The key changes that start in 2024 include:

  • The monthly payments on undergraduate loans will be cut in half, from 10% to 5% of discretionary income.
  • Forgiveness will occur sooner for borrowers who started off with less debt. Borrowers who started off with $12,000 or less in federal student loan debt will have the remaining balance forgiven after 10 years, instead of 20 or 25 years. Each additional $1,000 in federal student loan debt adds a year until the remaining debt is forgiven.
  • Consolidation will no longer reset the clock on forgiveness. Borrowers will receive credit for payments made prior to consolidation.
  • Borrowers will receive forgiveness credit for certain deferments and forbearances, counting them the same as loan payments. This includes the military service deferment, unemployment deferment, cancer treatment deferment, administrative forbearances and national service forbearances. Previously, only the economic hardship deferment counted toward forgiveness. 

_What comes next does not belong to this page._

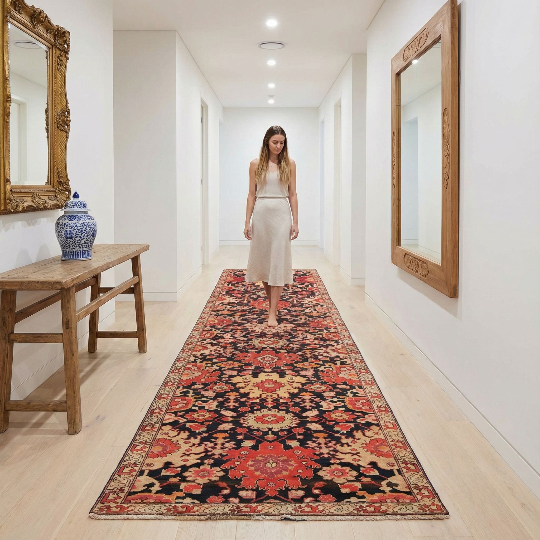 Im BOHO-Style darf dieser Läufer seine volle Leuchtkraft entfalten, denn hier trifft die Freiheit des Mix-and-Match auf echten Vintage-Charme. Die lebendigen Rottöne und das tiefe Blau bilden einen aufregenden Kontrast zu Rattanmöbeln, vielen Grünpflanzen und weichen Textilien, was den lässigen, künstlerischen Look perfektioniert. Als antikes Original bringt er genau jene Seele und leichte Unvollkommenheit mit, wie die charmante Oxidation der Brauntöne, die den unkonventionellen Bohème-Charakter so begehrenswert machen. Ob als farbenfroher Akzent im Flur oder als Highlight im Wohnbereich – dieser Teppich erzählt eine Geschichte und lädt in einer entspannten Umgebung zum Träumen ein.

Other Developments In 2024

Employer student loan repayment assistance programs, or LRAPs, have resumed operation. During the pandemic, most federal student loan borrowers benefited from the payment pause and interest waiver, leaving employer LRAPs with no student loan payments to match. Now that repayment has restarted, employer LRAPs are once again matching student loan payments, providing borrowers with an extra $100 or $200 a month to pay down their debt. The Coronavirus Aid, Relief, and Economic Security Act (CARES Act) made employer LRAPs tax-free through the end of 2025.

The IDR account adjustment consolidation deadline has been extended. Borrowers with loans in the FFEL program must consolidate them by April 30, 2024 to qualify for the one-time adjustment

The 12-month on-ramp and Fresh Start Initiative will expire on September 30, 2024. The on-ramp provides borrowers who miss federal student loan payments with a retroactive forbearance. Interest continues to accrue, but delinquencies will not be reported to credit bureaus. The Fresh Start Initiative helps defaulted borrowers get out of default, removing the default from their credit histories and returning them to a current status.